━━ PROVIDED DATA
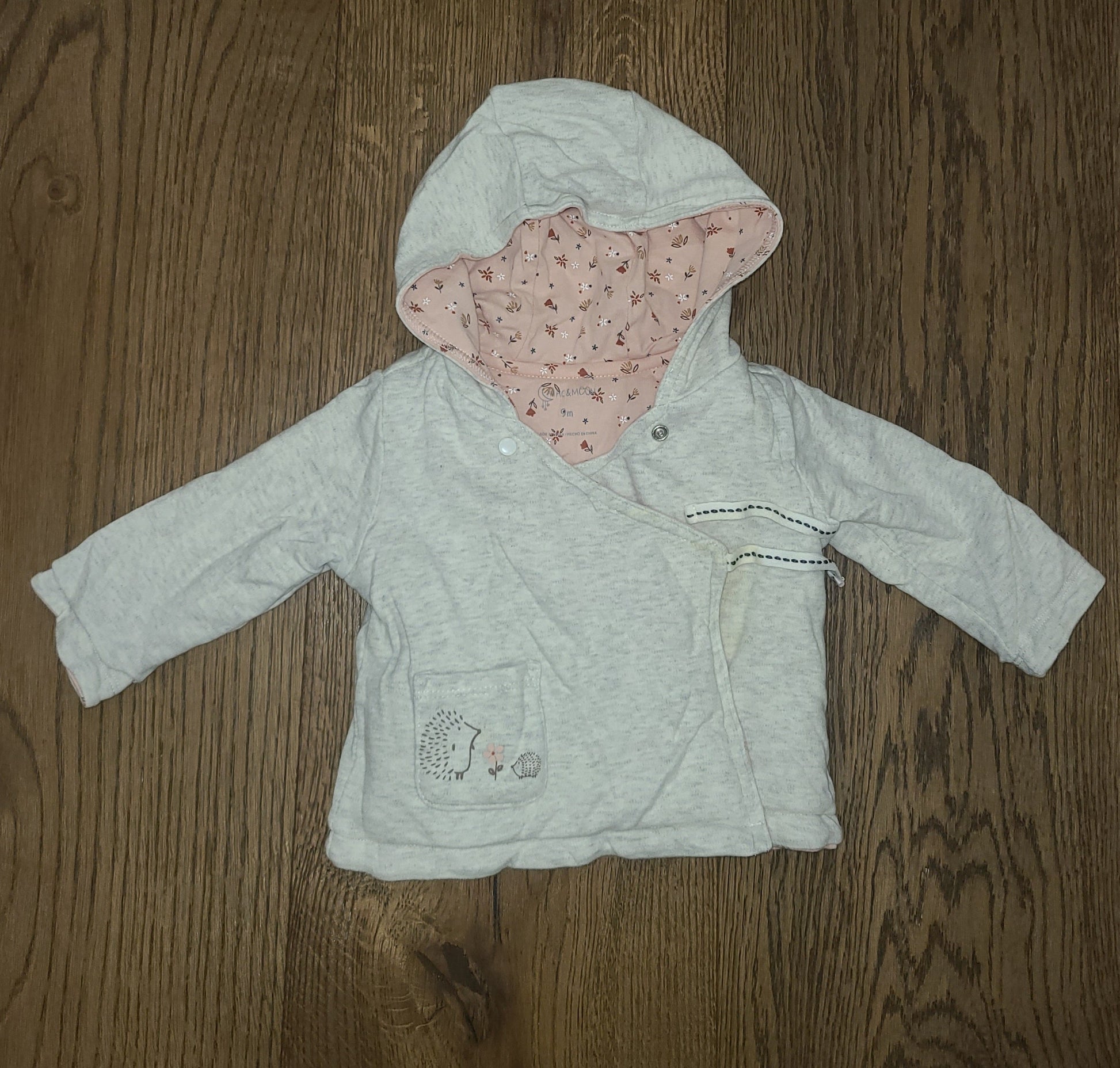 Mac & Moon brand 100% cotton jacket for 6-9 month girl in gray. The pocket has hedgehogs on it. There is some slight discoloration on the jacket but not noticeable when button, priced accordingly.
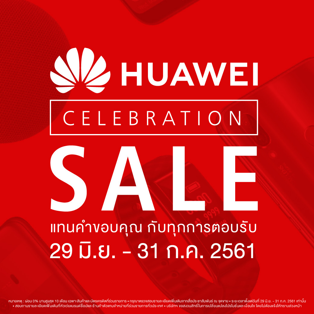 หัวเว่ยแทนคำขอบคุณให้ลูกค้าด้วยการมอบแคมเปญพิเศษ ‘ HUAWEI Celebration Sale ’ ฉลองกลางปี ขนทัพสมาร์ทโฟนและแท็บเล็ตสุดฮิตให้ลูกค้าเป็นเจ้าของในราคาพิเศษ ได้แก่ HUAWE P20 Series, HUAWEI Mate 10 Pro, HUAWEI nova2i, HUAWEI Y9 2018 และ HUAWEI MediaPad T3 10 ตั้งแต่วันนี้ – 31 กรกฎาคม 2561
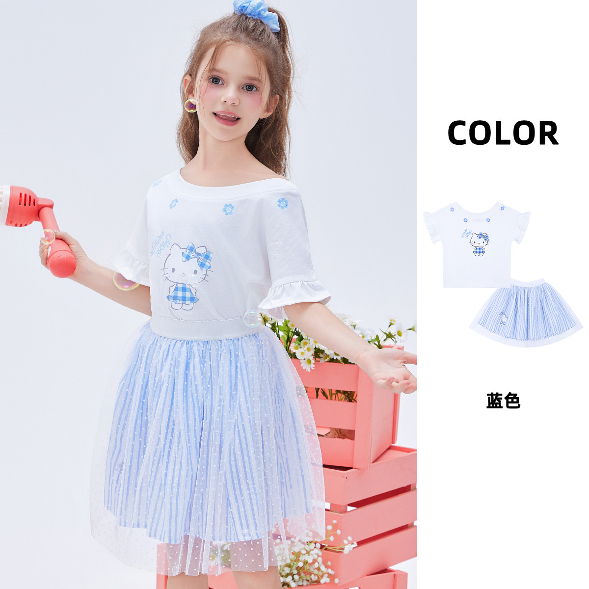 女童夏季套装2025款中大童装卡通印花洋气上衣网纱裙两件套装 592542
━━━━
▶ [ABOUT THIS EXERCISE] Repeat exactly the lines from the one containing "หัวเว่ยแทนคำขอบคุณให้ลูกค้าด้วยการมอบแคมเปญพิเศษ ‘ HUAWEI" to the last line of the data above, both included, and write no pictures into the copy.

▶ [SOLUTION]
 หัวเว่ยแทนคำขอบคุณให้ลูกค้าด้วยการมอบแคมเปญพิเศษ ‘ HUAWEI Celebration Sale ’ ฉลองกลางปี ขนทัพสมาร์ทโฟนและแท็บเล็ตสุดฮิตให้ลูกค้าเป็นเจ้าของในราคาพิเศษ ได้แก่ HUAWE P20 Series, HUAWEI Mate 10 Pro, HUAWEI nova2i, HUAWEI Y9 2018 และ HUAWEI MediaPad T3 10 ตั้งแต่วันนี้ – 31 กรกฎาคม 2561
 女童夏季套装2025款中大童装卡通印花洋气上衣网纱裙两件套装 592542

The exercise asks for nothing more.